Biological Sciences | Simulation, Data, Learning
Using Genome-Scaling Language Models to Reveal SARS-CoV-2 Evolutionary Dynamics
A research team led by Argonne National Laboratory scientists developed large-language models (LLMs)—models classically used to summarize, translate, and predict words in text—that can track virus evolution and mutation, and applied their work to SARS-CoV-2.
Challenge
Instead of reacting to viral mutations to subsequently identify variants of concern (VOCs), artificial intelligence (AI) and machine learning (ML) techniques can leverage deep sequencing data to identify mutations in viral proteins and characterize evolutionary patterns that help predict and describe future VOCs, potentially thereby transforming real-time pandemic monitoring.

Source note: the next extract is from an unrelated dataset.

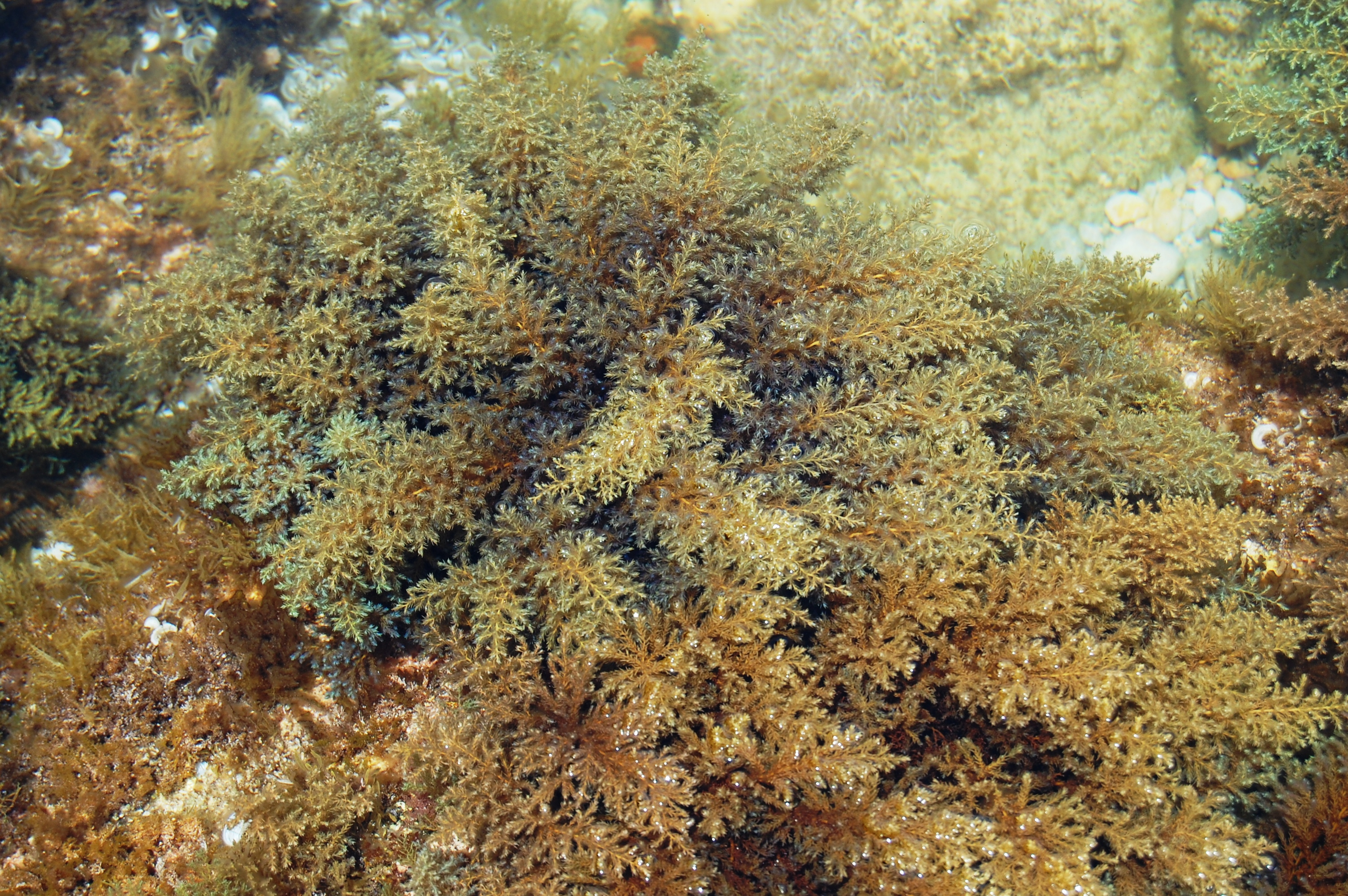 Cystoseira sp. - Mediterranean Sea

However, obtaining high-quality, global-scale genome datasets can be difficult. While sequence-based feature-extraction techniques followed by traditional ML approaches have demonstrated promise in the early identification of VOCs, they remain limited to sequence signatures of regions of interests in the genome. In this project, the researchers used LLMs in natural language processing tasks to develop global-scale, whole-genome surveillance tools, enabling them to characterize the evolutionary dynamics of SARS-CoV-2 while reconstructing the emergence of its variants.
Approach
The researchers relied on Argonne resources that included the Polaris supercomputer and Cerebras CS-2 AI platform. Utilizing 560 Polaris nodes—each of which includes four GPUs—helped the team scale their end-to-end workflow across the system in such a way that they were able to leverage the entire machine’s power to tackle complex calculations. The Cerebras platform enabled accelerated computation without compromises to accuracy.
Results
Through their efforts, the researchers generated the first genome-scale language model (GenSLM), enabling gene analysis as well as rapid identification of variants of VOCs. GenSLM is the first whole genome-scale foundation model that can be altered and applied to other prediction tasks similar to VOC identification.
Impact
This Gordon Bell Special Prize-winning work has the potential to lay the groundwork for a future pandemic observatory, enabling public health officials to respond quickly to virus variants, while also leading to protein-engineering applications or even the modeling of entire organisms.